Happily, however, there are lawyers who are not so insulated from reality by that greenest of cushions. Ius & Iustitium is pleased to present a selection of essays about and inspired by Common Good Constitutionalism written by lawyers coming from the heart of the classical tradition. Michael Foran writes about the book as a challenge to the the conventional wisdom of constitutional theory. Conor Casey writes on the place of the administrative state under common good constitutionalism. Aníbal Sabater writes on Quintilian’s presentation of the natural lawyer as the “good man skilled in speaking.”  Masurius Sabinus writes on the book from the vantage point of a recent law school graduate—an important perspective given the book’s enthusiastic reception amongst law students and young lawyers.  And Jacob Neu offers an all-too-often-overlooked perspective: that of the practitioner. Finally, Adrian Vermeule will respond to the authors of the essays presented here, and there will be a concluding panel discussion of the book and symposium essays via Zoom.

Common Good Constitutionalism has generated unusual excitement, perhaps unheard-of excitement for a work of jurisprudence. The audience of enthusiastic students and young professionals at the book’s recent launch at the National Press Club demonstrates that there is deep interest in Vermeule’s ideas. It is our hope that this symposium will present further opportunities for discussion and debate, above all from those committed to the classical legal tradition.

The Editors

The Short History and Checkered Tradition of “History and Tradition”

In three major cases at the end of June, the Supreme Court has relied upon a “history and tradition” test to define the scope of constitutional rights and federal powers. Writing for the Court in Dobbs v. Jackson Women’s Health Organization, Justice Alito overruled Roe v. Wade held that the Constitution did not protect a right to abortion and that unenumerated rights and liberties “must be deeply rooted in this Nation’s history and tradition and implicit in the concept of ordered liberty,” quoting Washington v. Glucksberg in support. In Kennedy v. Bremerton School District, Justice Gorsuch overruled Lemon v.
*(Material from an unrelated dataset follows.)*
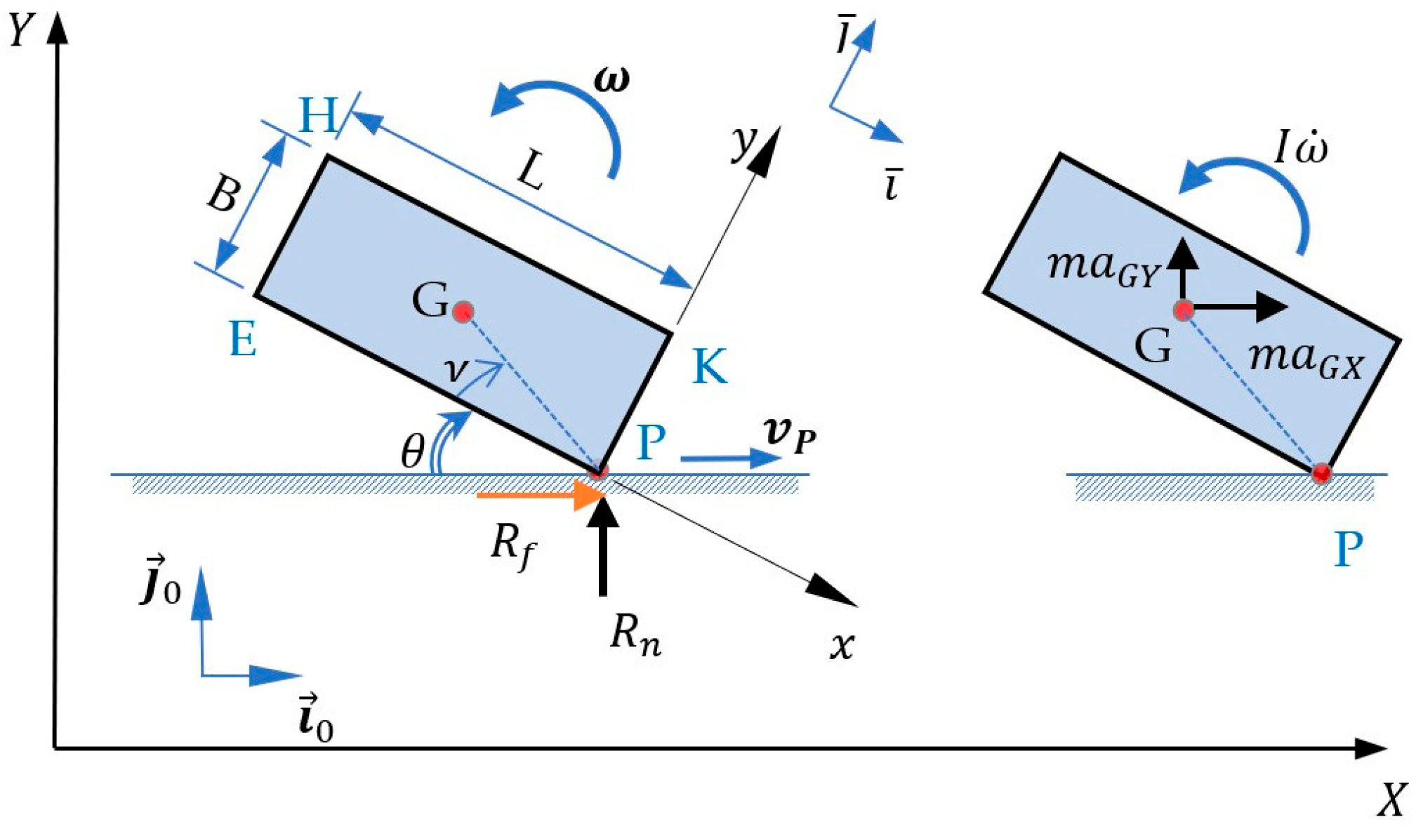 - Initial linear velocity of point P: as determined by Equation (33).

Kurtzman’s test for a violation of the Establishment Clause and held, “The line that courts and governments must draw between the permissible and the impermissible has to accord with history and faithfully reflect the understanding of the Founding Fathers.” And in New York State Rifle & Pistol Association v. Bruen, Justice Thomas rejected reliance on intermediate scrutiny in considering government regulation of firearms under the Second Amendment, holding that the government must show a firearm regulation is support by the text, “as informed by history,” or “comported with history and tradition.” In each case, the Court expressly or implicitly rejected a tiered scrutiny framework and chose to focus instead on how the scope of the right was historically defined within the Anglo-American tradition.

What do “history and tradition” mean in these contexts, and why should they be important? By this test, the conservative majority intends to ground American law within a broader tradition to avoid the temptation of “living constitutionalism.” Yet these cases also demonstrate the problem of originalist reliance on history only at specifically favored moments in time, rather than incorporating a broader understanding of the tradition in which they are embedded. And if the “history and tradition” test is ultimately not grounded in the legal and philosophical substance of that tradition—the natural law and the Western classical legal tradition, as interpreted by English jurists—then they are at best half-hearted and superficial attempts to recall that tradition and will be easily manipulated in future cases.